Bodén Mikael, Bailey Timothy L
School of Information Technology and Electrical Engineering, QLD 4072, The University of Queensland Australia.
Bioinformatics. 2006 Aug 1;22(15):1809-14. doi: 10.1093/bioinformatics/btl198. Epub 2006 May 23.
Conformational flexibility is essential to the function of many proteins, e.g. catalytic activity.

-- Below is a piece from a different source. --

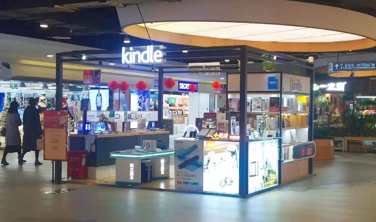 在位于世博源购物中心的亚马逊Kindle线下旗舰店,展示了Kindle青春版、经典版和尊享版三款产品,不时有顾客过来了解产品。

To assist efforts in determining and exploring the functional properties of a protein, it is desirable to automatically identify regions that are prone to undergo conformational changes. It was recently shown that a probabilistic predictor of continuum secondary structure is more accurate than categorical predictors for structurally ambivalent sequence regions, suggesting that such models are suited to characterize protein flexibility.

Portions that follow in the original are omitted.